Just wanted to get some thoughts/reviews? Do you AKFFers out there use them and if so, how have you gone with em?

Cheers
Y


----------



## scater (Nov 24, 2007)

Had a look at the website mate and in theory they look up to it but really, how durable and long-lasting can you expect an inflatable rack to be? good roof racks are a worthwhile investment not just in kayaking but in all sorts of load-carrying and when you're paying so much for a kayak and a car, i like the peace of mind of knowing both are protected. I used soft surfboard style racks on my old falcon when i first got my yak and they never felt 100% solid. in addition. they lacked proper clearance (as do the handiracks by the look of things) and as a result my roof ended up with a heap of scratches (and later rust) from loading and unloading as well as in transit. I say go for real racks, they're worth it

Sam


----------



## Evoids (Jan 10, 2009)

Hey Yakobi
Depending on what sort of car you have, you might be able to pick up some racks fairly cheap. I have an old ford laser (older than me :lol: ) and it has the old school rain gutters. I was able to pick up a set of roof racks for around $50 from supercheap. First thing I did before I got my yak. The load capacity is around 40-50 kg and it can handle my little nemo with ease. They are solid and I've taken them and my yak on the highway plenty of times without any fear of losing the yak. Just thought I'd let you know.


----------



## Contoftes (Apr 8, 2009)

yeah ive been borrowing a set off a mate for a while because I didnt have permission to get real roofies on the car we were borrowing of extended family
they go alright but now have upgraded to real roofies I havent looked back
they are stronger than they look with a fair few layers to keep them pumped and they pack up quite small (about half the size of a case of beer for reference)
didnt know you could get them in australia though, thoughtthey were brittish so i have no idea where my mate got them from.
couple of drawbacks ive found:

1) as you can see in the photo, i used to put them on top of a picnic rug to protect the paint job on the roof of the car. any dust etc left on there will scratch around a bit. not massively, but enough to want to protect your car. similarly, when the yak istied down tight, ive heard some tell tale clunks that make me think the roof will have changed shape when the yak comes off. no evidence of warpingthough when she does come off, just a disturbing sound i spose.

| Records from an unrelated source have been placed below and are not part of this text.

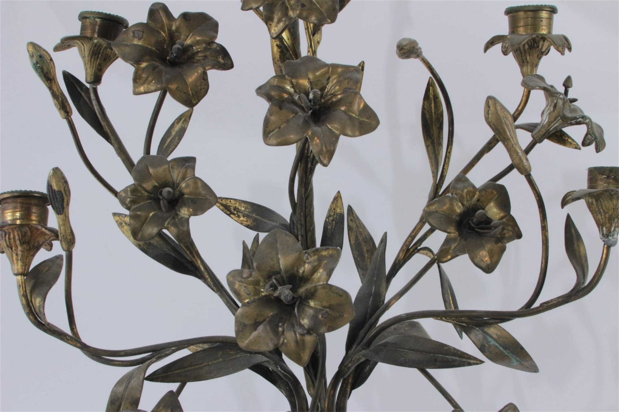 A pair of Louis XVI style parcel gilt lamps of floral motif.
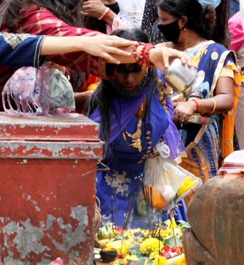 Simples couples, familles, groupes d’amis ou de voisins, tous se pressent devant ces autels de prière pour faire leurs rituels et y déposer leurs dons.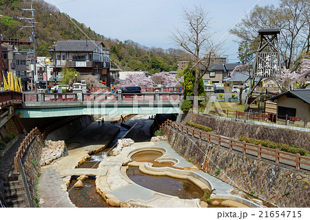 有馬温泉街(神戸市北区)太閤橋近辺に咲く桜並木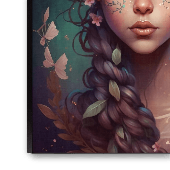 magical gorgeous fairy with braids and leaves and flowers in her.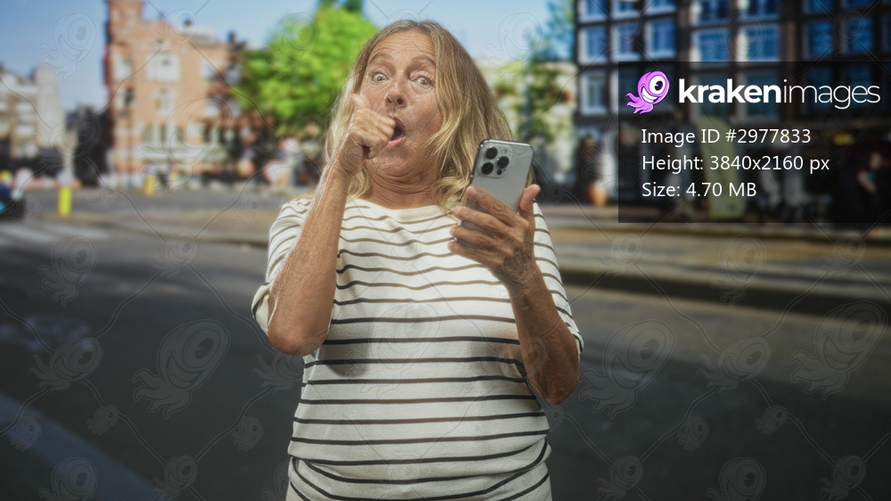 Senior woman holding smartphone and tapping screen on busy street while smiling, gesturing with finger, and checking messages; joy connection.
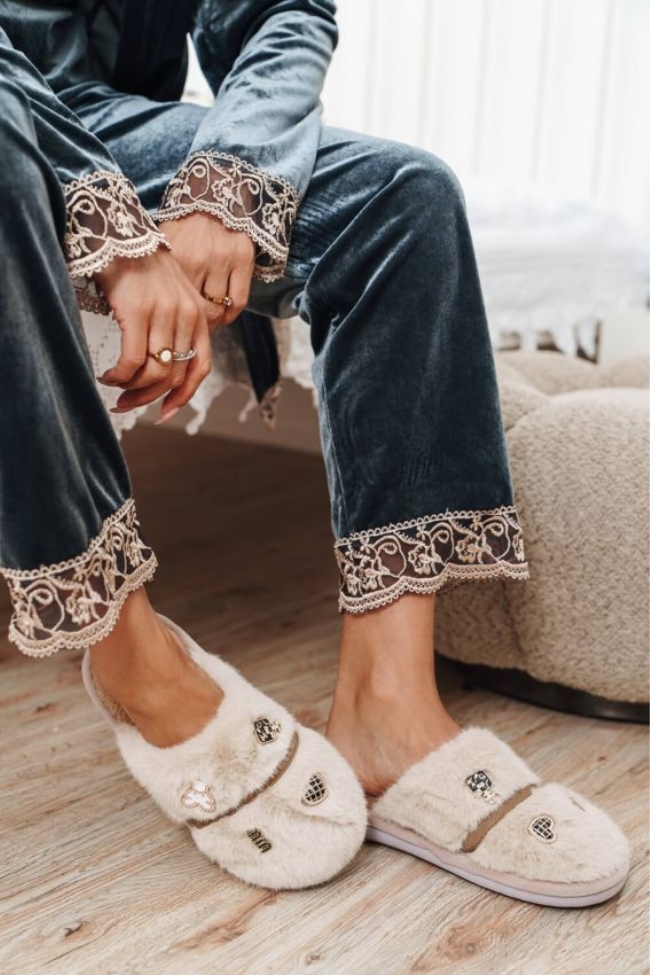 Γυναικείες γούνινες παντόφλες σπιτιού με απαλή επένδυση και διακοσμητικά στοιχεία, που χαρίζουν ξεχωριστή αισθητική. Η εσωτερική τους φόδρα είναι μαλακή και ζεστή, εξασφαλίζοντας άνετη εφαρμογή σε κάθε χρήση. Η σόλα είναι αντιολισθητική και ελαφριά, προσφέροντας σταθερότητα σε εσωτερικούς χώρους. Ο slip-on σχεδιασμός επιτρέπει εύκολη και γρήγορη εφαρμογή, ενώ οι λεπτομέρειες με charms και μοτίβα δίνουν κομψό χαρακτήρα. Μια πρακτική επιλογή που συνδυάζει ζεστασιά και στυλ στην καθημερινή χρήση. Συνδυάστε τις γούνινες παντόφλες με fleece σετ φόρμας ή ένα μάλλινο ζακετάκι για να απολαμβάνετε απόλυτη ζεστασιά και κομψότητα στο σπίτι.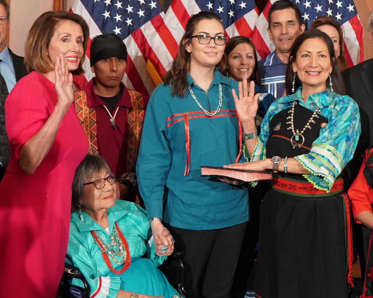 데브 할런드 하원의원(뉴멕시코주, 민주당)이 낸시 펠로시 하원의장의 주재 하에 하원의원 선서를 하고 있으며, 그녀의 어머니 메리 토야와 자녀 소마가 함께 하고 있다.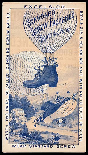 28 - Standard Screw Fastened Boots & Shoes, Standard Screw hot air balloon soars while Clinching Screw Nails balloon crashes.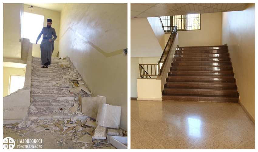 Csodálatos volt látni a 2500 ott tanuló kis- és nagydiákot. A néhány éve még ürességtől kongó romhalmaz ma makulátlan tisztaságú, csillogó, virágzó iskolaközpont, teli élettel, gyerekzsivajjal. A falakon golyónyomok helyett ikonok, feszületek és Ferenc pápa képei láthatók, a fegyverraktár ma ismét kápolna.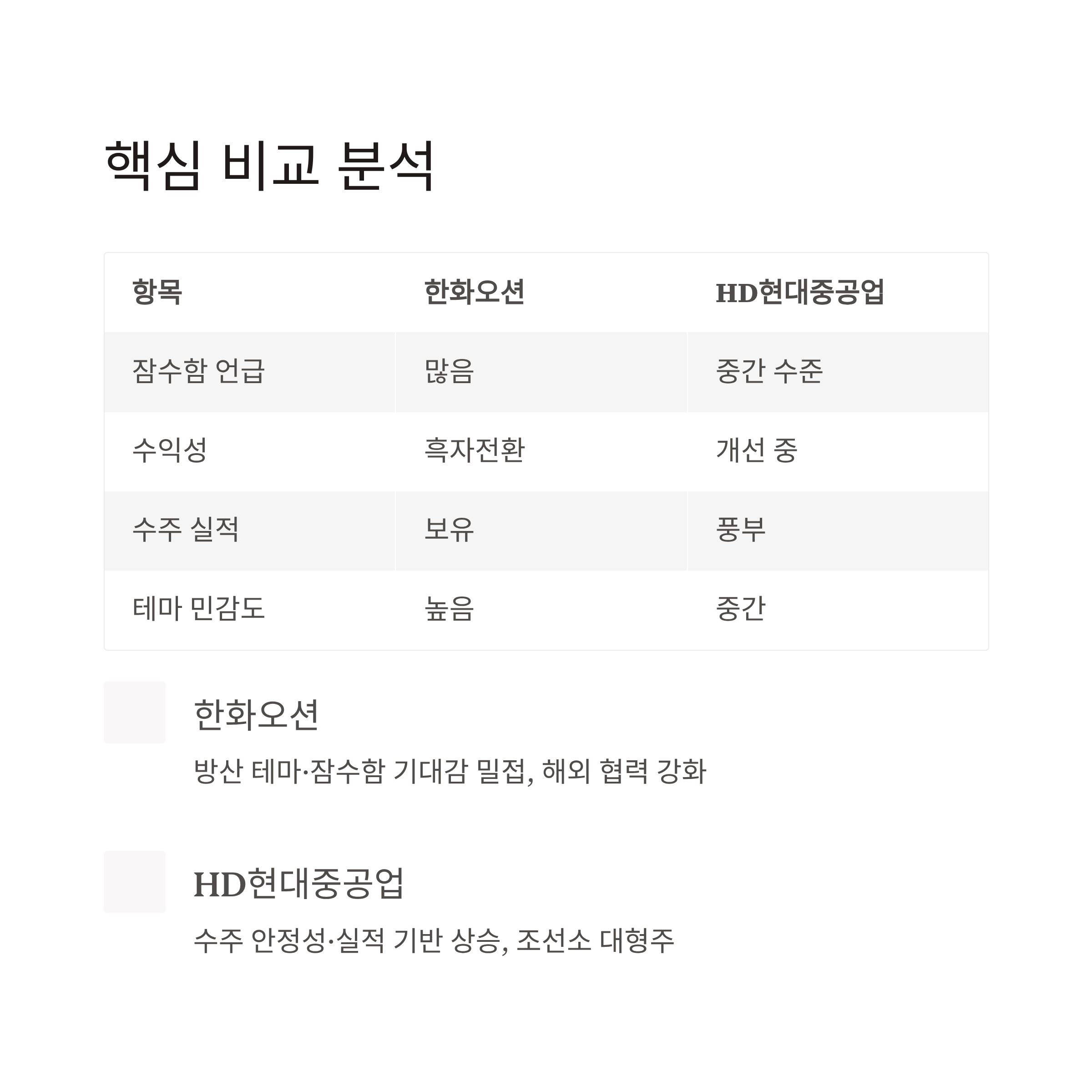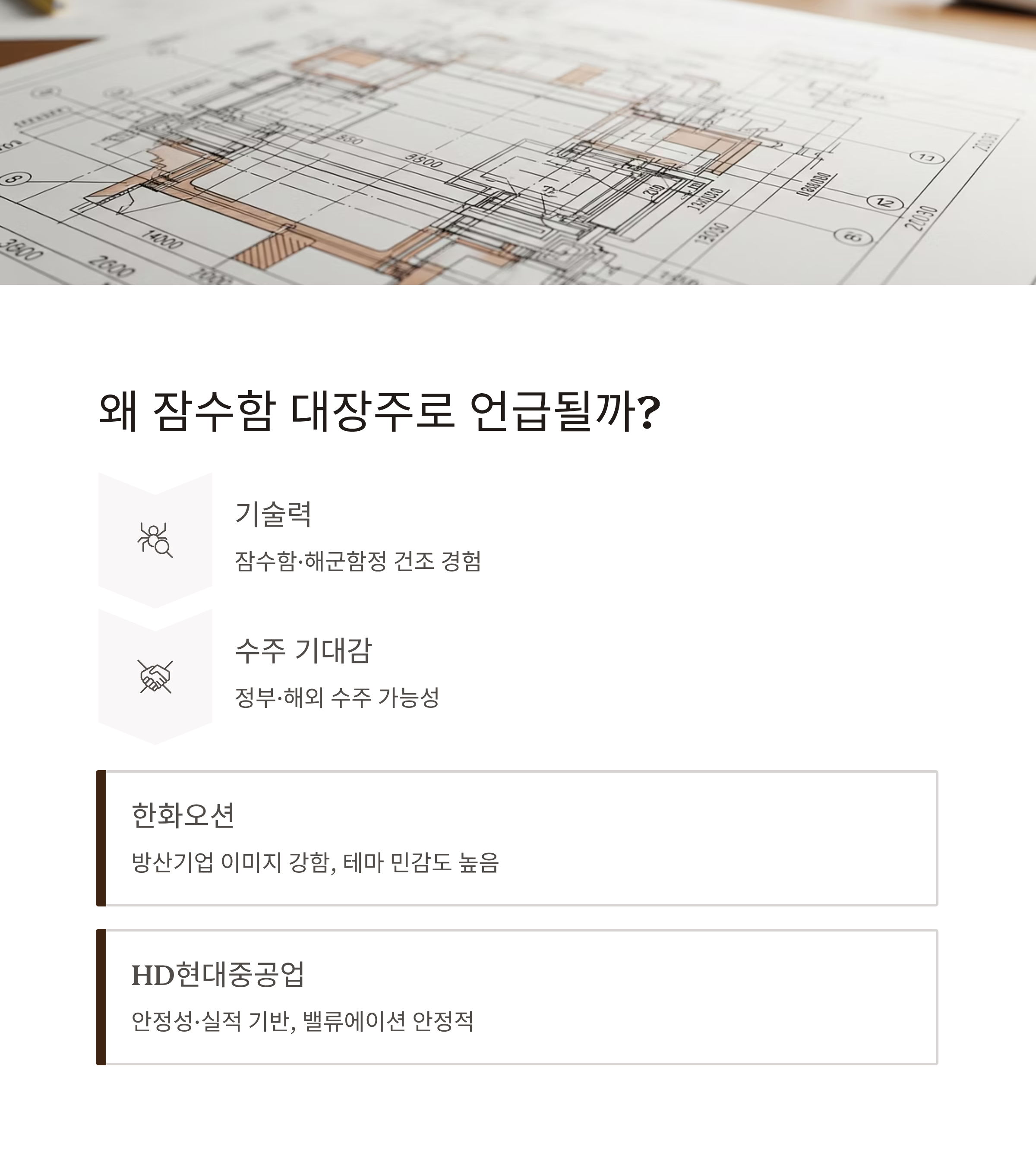 두 회사 모두 실제로 잠수함 혹은 해군함정 건조 경험이 있으며, 정부 또는 해외 수주 가능성도 언급되고 있죠. 특히 한화오션은 방산기업 이미지가 더 강하게 형성되어 있어 테마 민감도가 더 높습니다.
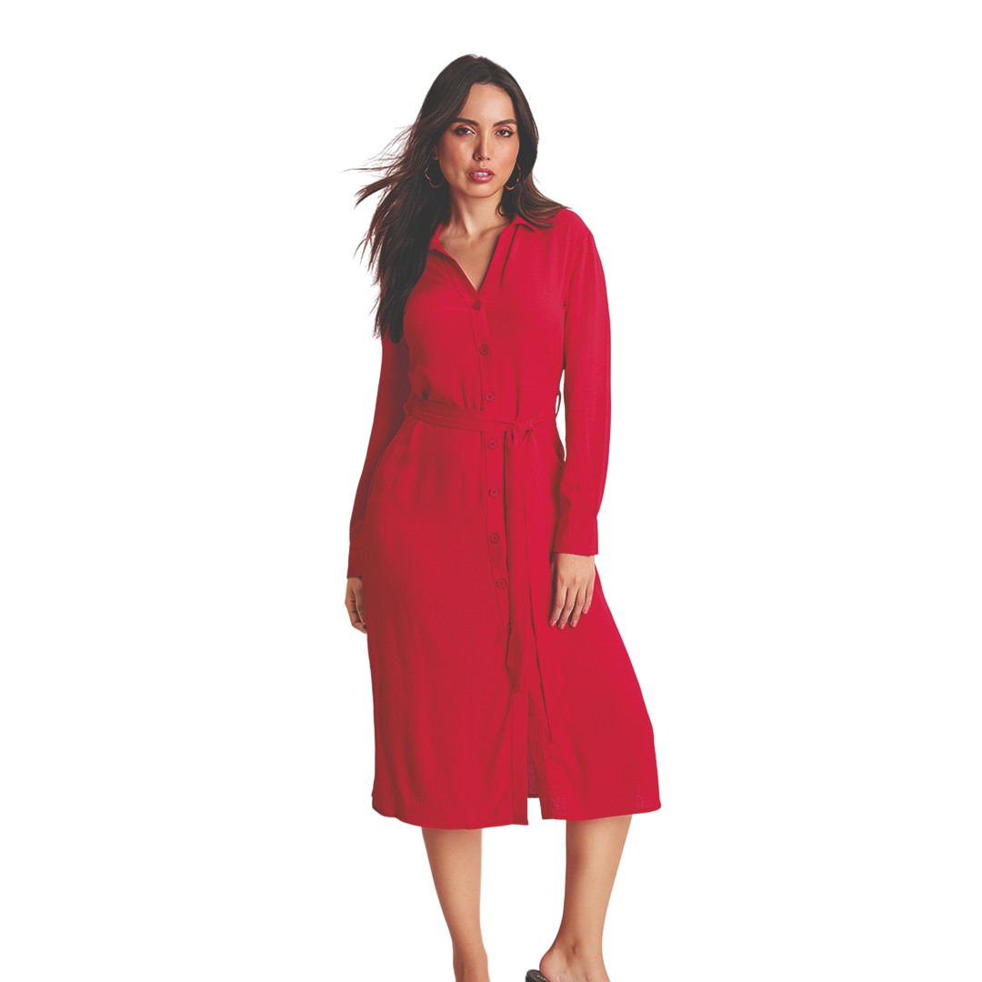 Vestido camisero rojo midi con hombro caído, manga larga y abotonadura completa al frente; cinturón de la misma tela para ajustar y estilizar. Su silueta clásica lo hace perfecto para eventos casuales o trabajo.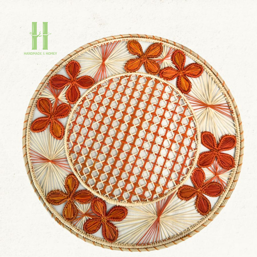 Salvamanteles Redondo de Papel con Diseño Floral Vintage, Hecho a Mano, Estilo Boho Rústico, Decoración para Cocina, Aislante del Calor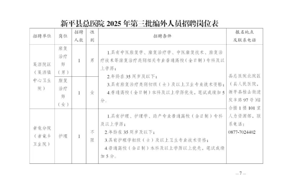附:新平縣總醫(yī)院2025年第三批編外人員招聘崗位表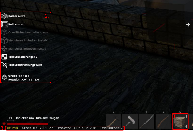 Hier in der Unity Version steht unten links im HUD nur "Block". ![]()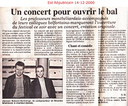 Playing like a conductor in the « cour » of P lais. Thanks to whom ? Jacopo Baboni Schilingi, over 40 years old from Milan, with an impressive CV, very well known in Montbéliard, where he teaches composition. He is an inventor of new ways of conceiving music, Baboni Schilingi who created the Ensemble de Musique Interactive. [Joël Mamet]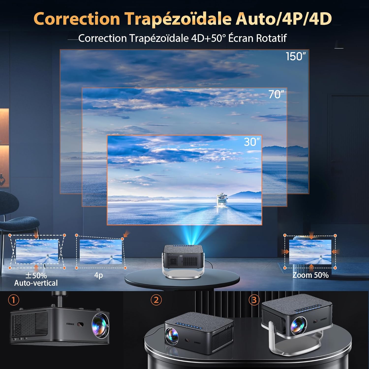 Notre dispositif utilise une source lumineuse d’une puissance de 105 Watts délivrant une intensité de 30000 lumens. Le panneau LCD affiche un ratio de contraste de 20000:1, assurant une séparation claire entre les différents niveaux de gris. La durabilité de la source de lumière atteint 60000 heures, ce qui garantit une exploitation prolongée en mode Home cinéma ou pour des sessions de jeu.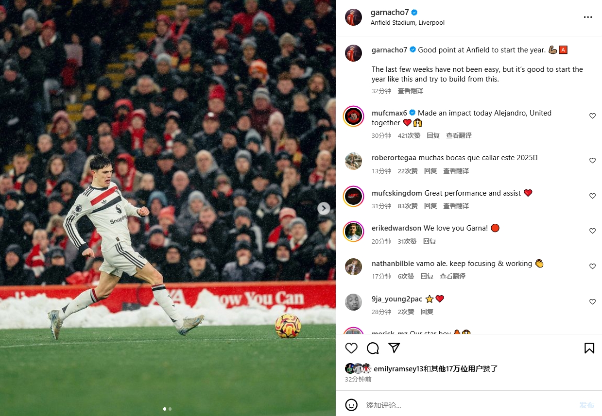 1月6日訊 英超第20輪,曼聯(lián)客場(chǎng)2-2利物浦,賽后加納喬更新了社媒。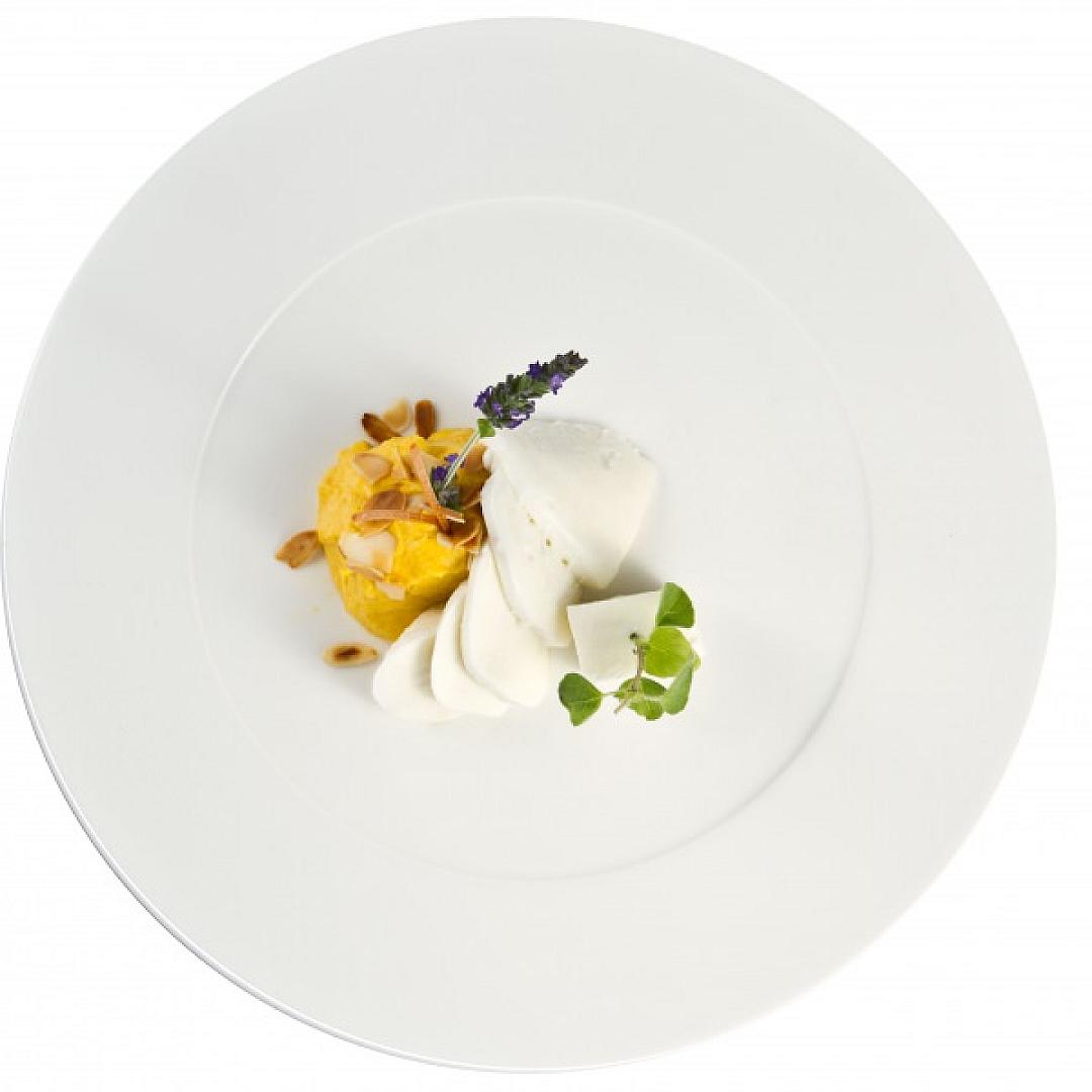 Mozzarella delattosata con jambonetto di carota e mandorle

2) you cant simply throw your tie downs over to get a quick, solid attachment. they come with these metal rings threaded along their length that dont really seem up to heaps of pressure, ie they can bend out of shape if over tightened. You will also need to latch down on front and back of the car for longer distances and higher speeds (not seen in the photo).

3) you need to get the inflation of the tubes just right. if you overfill them, the added pressure of a tightly tied down yak will cause the valves to pop out. One of mine has developed a slow leak so by the end of a big trip it will be worthless as a load carrier. there are still 3 to keep the yak in place though.

4) they take a while to set up.

having said all that, the things have made it possible for me to make trips i otherwise couldnt and wouldnt have made. have been down the clyde mountain several times and to a few of the places around canberra too. if you dont have any other options, they will get you on the water for a fish, which is the main thing. If you could be bothered with the effort and price difference, real roofies are definately the way to go. stronger, sturdier and faster.


----------



## kayaksportsmark (Apr 1, 2009)

Maybe compare them to normal soft racks in a shop if you can. 
AKFF member Dru has been using regular soft racks for a while. There was a thread he posted on a while back about roofracks.


----------